Page history last edited by Brian D Butler 14 years, 6 months ago

 

 

Table of Contents:


 

Do Mid-Market PE/VC funds out-perform small & big ones?

 

a great article from Daniel Primack of peHUB:

 

some unpublished research by Josh Lerner (HBS) and Antoinette Schoar (MIT Sloan). They looked at how changes to fund size and firm size affect returns, and found that there is an apparent relationship.

 

Lerner and Schoar first took the universe of all mature VC and buyout funds (those raised through 1999), and discovered an inverted U-shaped relationship. Basically, mid-sized funds outperformed both small and large-sized funds. Peak performance was at around $300 million (note: the researched time period is admittedly dated).

 

They then broke out the types of funds, and found that the inverted U-shape is sharper and most statistically significant for VC funds than for buyout funds. In this breakdown, the peak VC size was $280 million compared to $1.2 billion for buyout funds.

 

So is the answer to have a mid-sized fund? Well, not exactly, Lerner and Schoar didn’t actually find too much performance variance based purely on size. Sure there was peak performance, but it didn’t vary too much from the high and low-end quartile benchmarks. For example, a $5 billion buyout fund had a predicted return of just 1.2% lower than a $2 billion buyout fund.

 

What is important, however, is the rate at which a firm’s fund sizes grow. Lerner writes: “We find that growth has a substantial negative effect on growth: A doubling of fund size, all else being equal, leads to a fall in IRR of -5.3%. This analysis suggests that a group that had a 25% IRR in its $1 billion dollar third fund could expect a return of only a little below 20% if it went and raised a $2 billion fund next.”

The related chart is fairly remarkable, in that the negative correlation between fund size growth and performance resembles a very steep hill.

 

So what is ultimately important for firms like USV and Benchmark isn’t purely the number of dollars in their current funds, but rather how that compares to the dollars in its past and future funds.

 

source: Daniel Primack of peHUB

 

 

Trends Driving Mid-market PE activity (2008)

 

see also private equity trends

 

The tightening of the credit markets and the resulting sharp decline in high-leverage megadeals has generated strong interest in middle-market transactions -- a trend that is expected to continue at least throughout 2008.

 

Middle-market transactions are projected to remain in focus because they do not depend on syndicated debt, according to PricewaterhouseCoopers' transaction services group's midyear mergers and acquisitions forecast for 2008.

 

In addition, three regulatory factors may drive an increase in middle-market deals -- and possibly all deals -- before year's end.

 

Focusing on deals with low levels of debt where hands-on operational and management experience can offer great rewards, firms that are more nimble than their megacounterparts are able to find many private businesses to partner with.

 

 

Keys to success in the mid-market:

 

As private equity firms deploy more capital in the midmarket, and because middle-market deals are unique, getting the right fit and the right experience can be critical to success.
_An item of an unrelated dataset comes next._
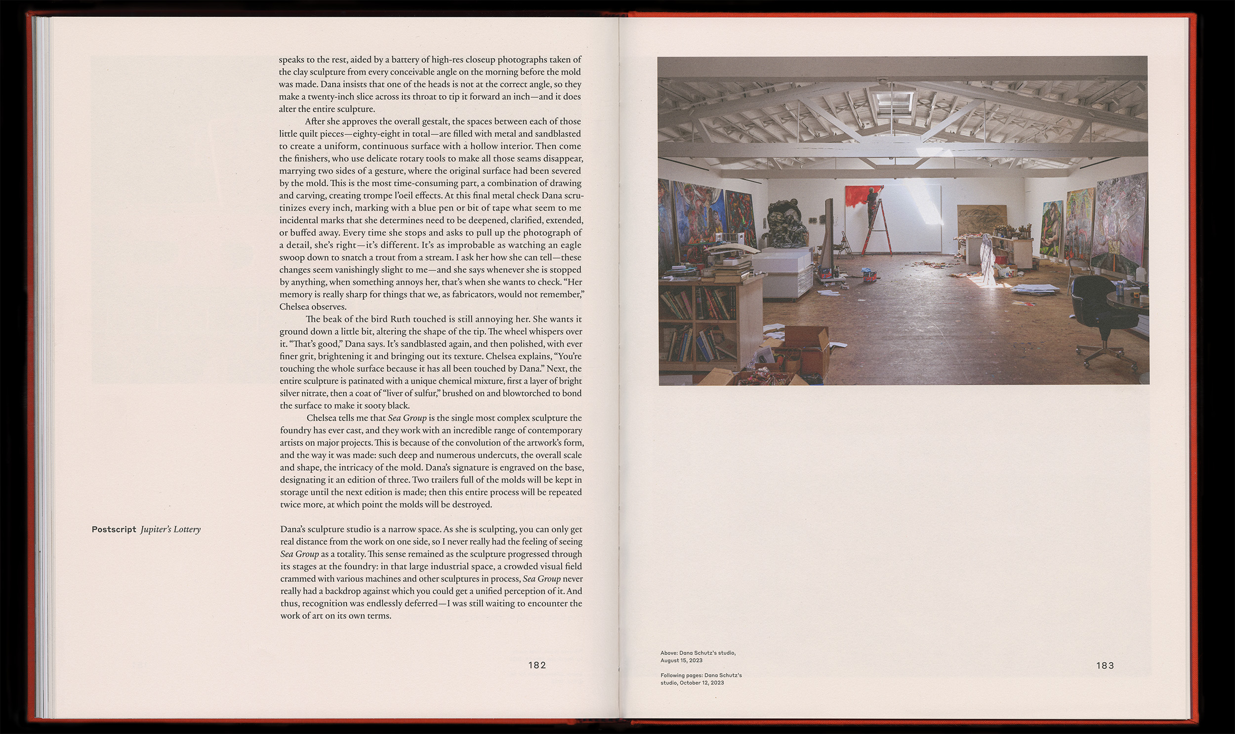 Credits: (Editor) Karen Marta; (Design) Javas Lehn Studio, Javas Lehn, Joseph Margulies, & Scott Massey; (Writers) Jarrett Earnest; (Project editor) Anne Wehr; (Photographer) Jason Schmidt; (Project manager) Luke Chase; (Managing editor) Todd Bradway; (Publisher) David Zwirner Books; (Printer) Trifolio; (Exhibition) Published on the occasion of Schutz’s 2023 exhibition Jupiter’s Lottery at David Zwirner, New York
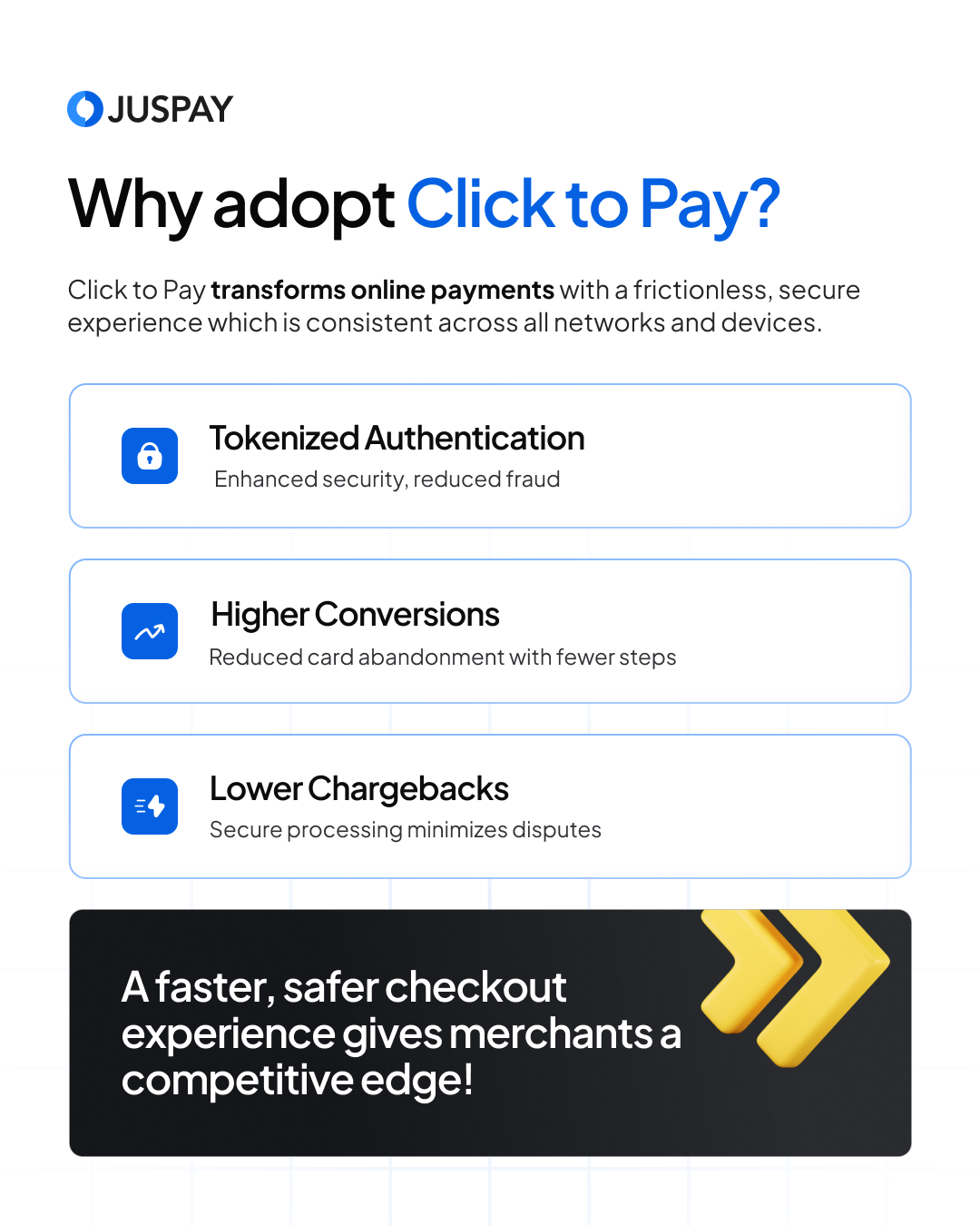 These challenges are considerable, particularly for companies with legacy infrastructure, international customers, or constrained resources. This is where a technology service provider (TSP) such as Juspay comes into play. Juspay, known for its experience-focused approach, provides effortless integration with current infrastructure, guaranteeing compliance with international data security protocols such as PCI DSS and GDPR, along with strong fraud protection capabilities. TSPs that cater to all stakeholders (Merchants, Networks, users) have strategic advantage through deeper market insights and help with faster Go live through its Reliable, scalable, and affordable software offerings. Juspay's offerings make it the ideal partner for businesses seeking to navigate the complexities of Click to Pay and deliver a secure, hassle-free payment experience for both staff and customers.

Four basic issues make these deals unique.

 

Social issues.

 

Midmarket deals frequently involve founders or family operators who are key to a private equity target's success and growth. It's important to match the financial expertise of the investor with the operating expertise of the owner-operator with sensitivity, whether it involves the introduction of a new finance officer, the addition of debt to the target's balance sheet or the creation of incentive-based compensation plans where there were none.

 

Changes in senior management also require a sensitive touch. These changes are often characteristic of the midmarket deal, and implementing any of them suddenly and without a clear understanding of the benefits could spell disaster.

 

Structure issues.

 

Middle-market targets may be organized in a way that is not tax-efficient for investors. Therefore, understanding the use of creative and flexible flow-through structures for making an investment, such as LLCs, is important. Experience matters when it comes to understanding the alternatives these structures offer for the allocation of profits, losses and distributions to target owners and investors alike, and for creating critical incentives for management to drive growth.

 

Special skill also is required to address and balance the economic and tax concerns of the target owner's rollover equity -- such as maintaining a single-level of tax and maximizing capital gains -- and the investor's goals -- such as qualifying for consolidated return filing, or a step-up in tax basis and amortization of the investment.

 

Capitalization issues.

 

Growth through add-on transactions often drives returns in midmarket investments, while high leverage drives the megadeals. In fact, many midmarket deals are initially funded entirely with equity, sometimes later refinanced.

 

The result is that the post-money capitalization of a midmarket target follows its own pattern, and creates its own dynamic -- all with a profound effect on valuations and returns -- and all requiring a different approach to financial modeling.

 

Most important, because add-on transactions are so crucial in the middle market, the ability to complete them quickly and in a cost-efficient manner with positive effects on the target's balance sheet and P&L statement takes deft handling.

 

Supporting players.

The accounting firms, lenders, investment bankers, lawyers and others that source midmarket opportunities for investors are all cast from a special group focused on the middle market. Dealing with any one of these advisers will put all the necessary experience and resources of the other advisers within the reach of investors, enabling them to close the deal quickly. This special group also is best-suited to stay ahead of market trends and solutions that can create commercial efficiencies.

 

It is worth noting that this "fit" is as important to cost control as it is to overall success. Successful midmarket deals demand advisers who staff their deals with lean-and-mean teams, and provide the same partner and team from deal to deal.  So getting the right fit and the right experience can make the difference between closing the deal and losing it.

 

Source:  Mitchell S. Ames is a member of Pepper Hamilton LLP's corporate and securities practice group in New York City.

 

 

 

Details about firms - Private Equity Florida

 

see also: Venture Capital in Florida

 

Brockway Moran & Partners

  • smaller deals of <300 million
  • focus on growth companies (not as focused on "family owned" sector like Trivest
  • put 40 % equity in, and rest if financed with debt

 

Trivest Partners

Trivest Partners, L.P., a private investment firm, is a leading provider of equity for lower middle-market corporate acquisitions, recapitalizations and growth capital financings. Since its founding in 1981, Trivest has sponsored more than 145 acquisitions and recapitalizations, totaling more than $3.5 billion in value.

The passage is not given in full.